[Start of section]

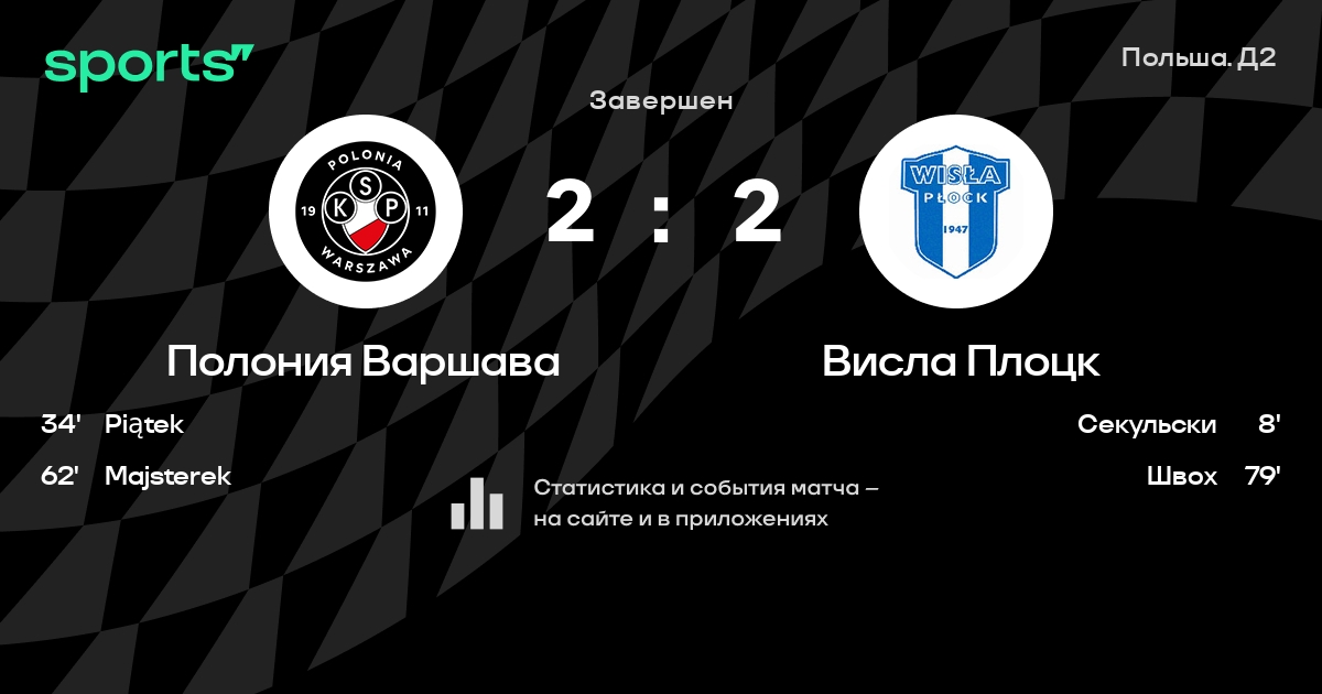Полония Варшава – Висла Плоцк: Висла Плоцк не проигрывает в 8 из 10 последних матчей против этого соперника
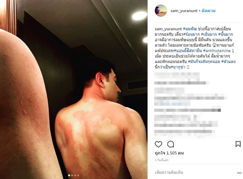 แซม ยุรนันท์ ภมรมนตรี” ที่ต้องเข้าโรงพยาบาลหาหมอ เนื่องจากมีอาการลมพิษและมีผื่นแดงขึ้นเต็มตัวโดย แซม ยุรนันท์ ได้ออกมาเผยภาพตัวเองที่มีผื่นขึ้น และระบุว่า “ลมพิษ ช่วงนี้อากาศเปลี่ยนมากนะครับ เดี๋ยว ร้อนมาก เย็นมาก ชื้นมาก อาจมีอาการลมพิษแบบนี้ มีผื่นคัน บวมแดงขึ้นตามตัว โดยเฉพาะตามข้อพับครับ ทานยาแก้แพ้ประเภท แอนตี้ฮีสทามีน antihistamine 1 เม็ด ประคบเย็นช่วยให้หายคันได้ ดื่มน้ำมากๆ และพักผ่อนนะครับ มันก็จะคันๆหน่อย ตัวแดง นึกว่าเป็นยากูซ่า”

[End of section]
[Start of section]

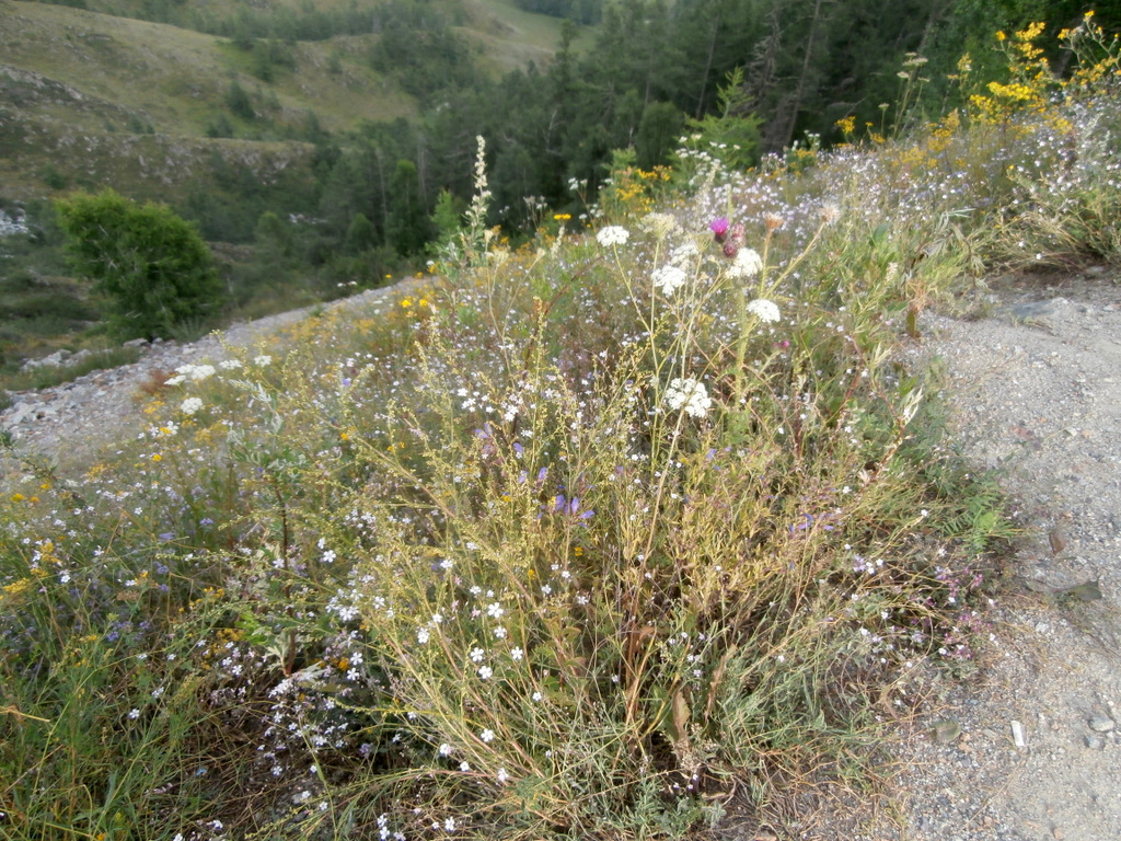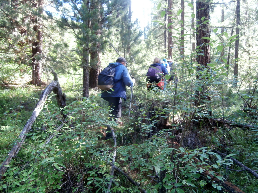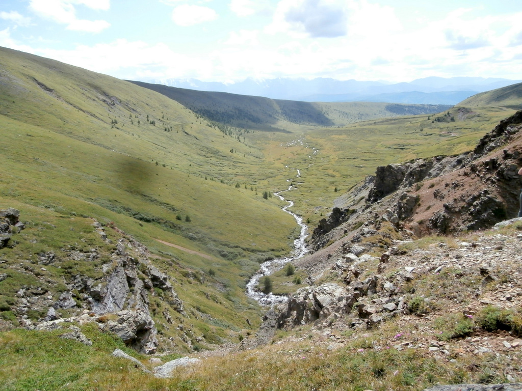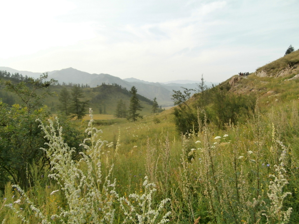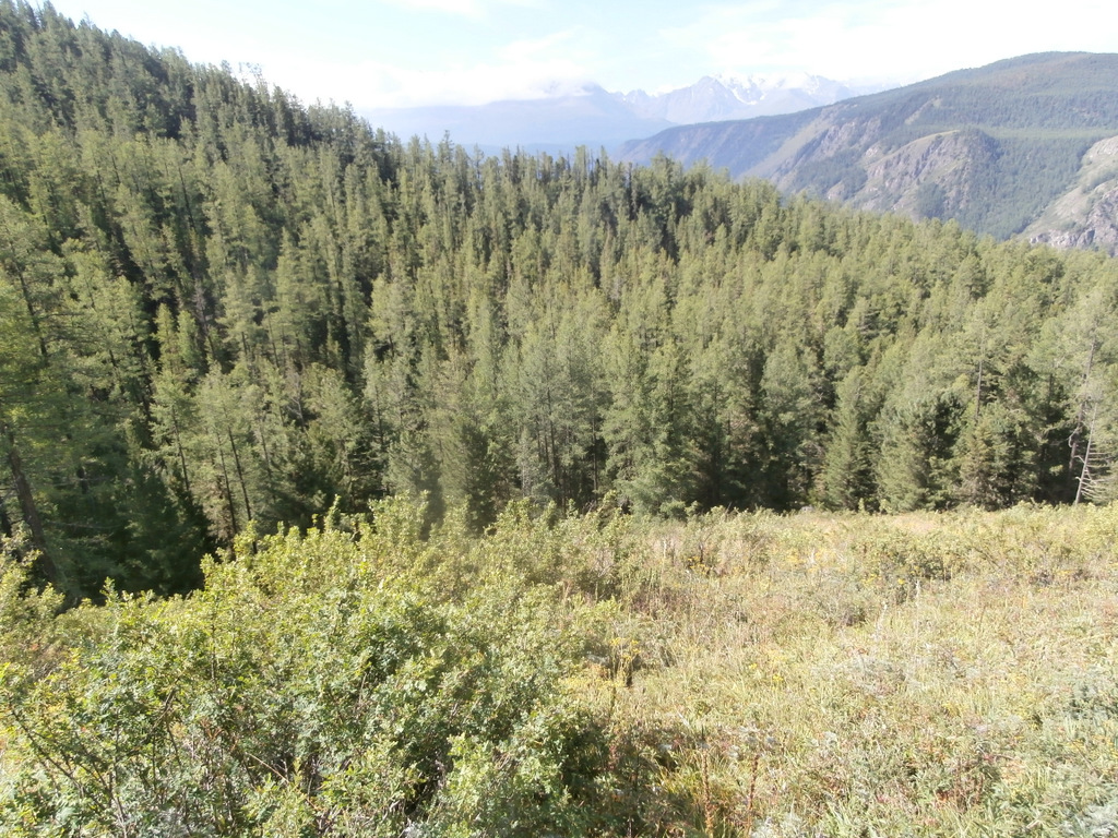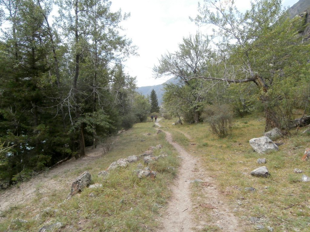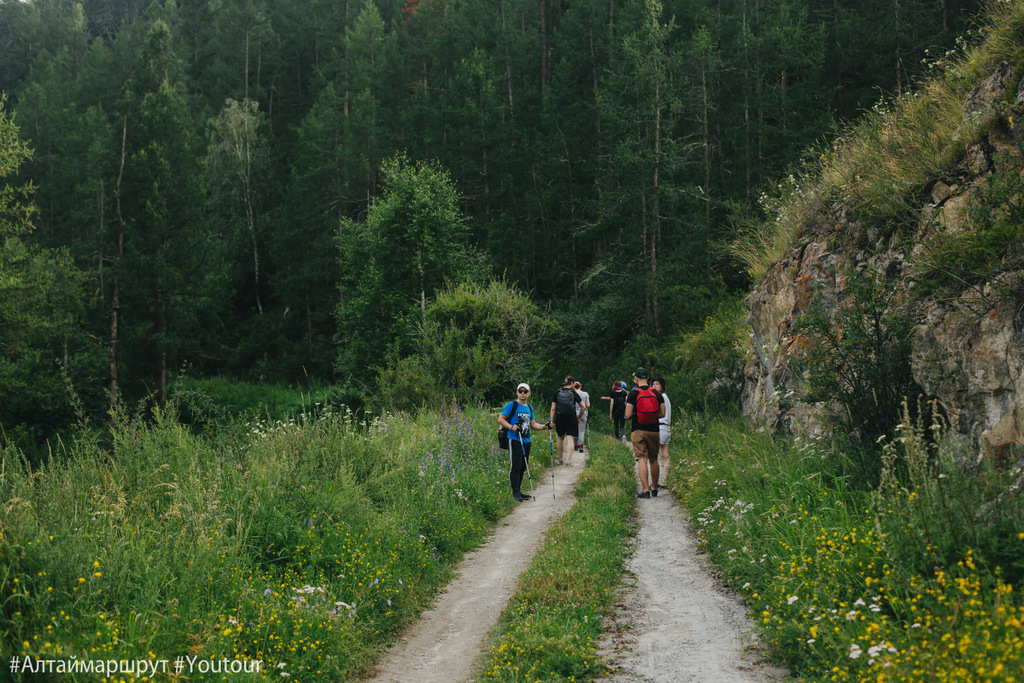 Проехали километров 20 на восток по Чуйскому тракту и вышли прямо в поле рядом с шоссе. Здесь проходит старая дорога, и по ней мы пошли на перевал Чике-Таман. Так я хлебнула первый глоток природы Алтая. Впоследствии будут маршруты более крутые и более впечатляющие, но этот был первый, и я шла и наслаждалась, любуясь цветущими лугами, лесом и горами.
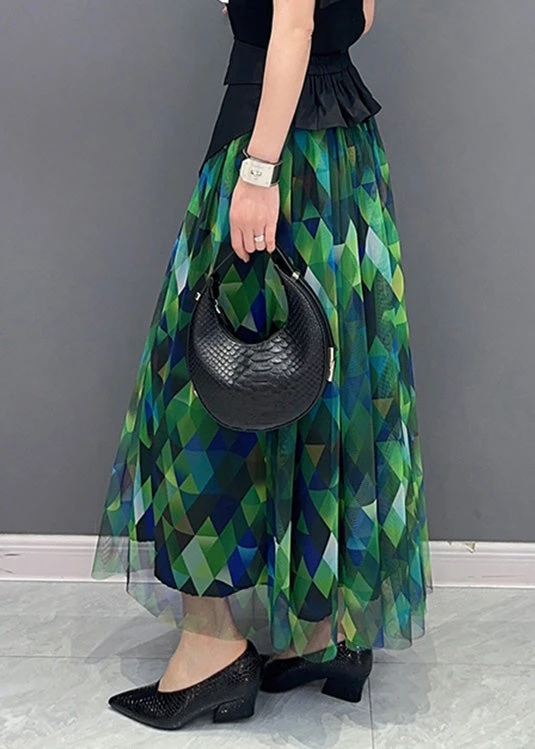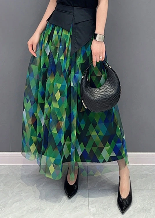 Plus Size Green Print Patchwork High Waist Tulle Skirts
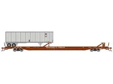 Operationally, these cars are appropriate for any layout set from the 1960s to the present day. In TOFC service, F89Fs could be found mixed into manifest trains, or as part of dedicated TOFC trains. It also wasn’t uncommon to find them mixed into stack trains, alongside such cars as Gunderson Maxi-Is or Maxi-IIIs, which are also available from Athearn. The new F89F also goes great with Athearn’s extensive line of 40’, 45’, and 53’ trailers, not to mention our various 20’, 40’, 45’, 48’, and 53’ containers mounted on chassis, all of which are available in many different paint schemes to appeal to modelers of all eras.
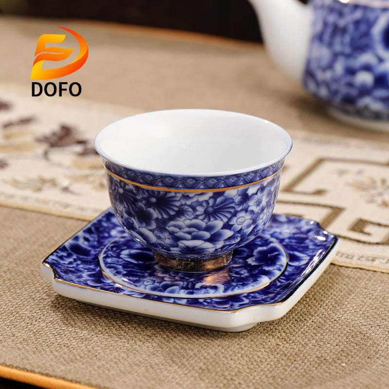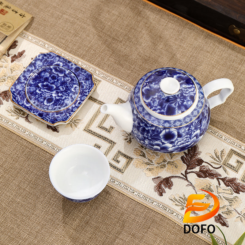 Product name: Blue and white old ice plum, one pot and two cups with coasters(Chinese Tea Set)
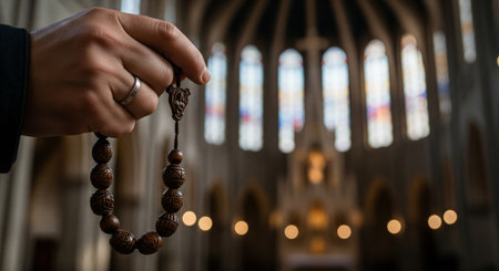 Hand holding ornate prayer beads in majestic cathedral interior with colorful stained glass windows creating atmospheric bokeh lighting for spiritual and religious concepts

[End of section]

Could the stretch from the line with "Проехали километров 20" through the line with "Product name: Blue" in the listing above be restated word for word, minus the pictures?

▸ ANSWER TO THE PROBLEM:
 Проехали километров 20 на восток по Чуйскому тракту и вышли прямо в поле рядом с шоссе. Здесь проходит старая дорога, и по ней мы пошли на перевал Чике-Таман. Так я хлебнула первый глоток природы Алтая. Впоследствии будут маршруты более крутые и более впечатляющие, но этот был первый, и я шла и наслаждалась, любуясь цветущими лугами, лесом и горами.
 Plus Size Green Print Patchwork High Waist Tulle Skirts
 Operationally, these cars are appropriate for any layout set from the 1960s to the present day. In TOFC service, F89Fs could be found mixed into manifest trains, or as part of dedicated TOFC trains. It also wasn’t uncommon to find them mixed into stack trains, alongside such cars as Gunderson Maxi-Is or Maxi-IIIs, which are also available from Athearn. The new F89F also goes great with Athearn’s extensive line of 40’, 45’, and 53’ trailers, not to mention our various 20’, 40’, 45’, 48’, and 53’ containers mounted on chassis, all of which are available in many different paint schemes to appeal to modelers of all eras.
 Product name: Blue and white old ice plum, one pot and two cups with coasters(Chinese Tea Set)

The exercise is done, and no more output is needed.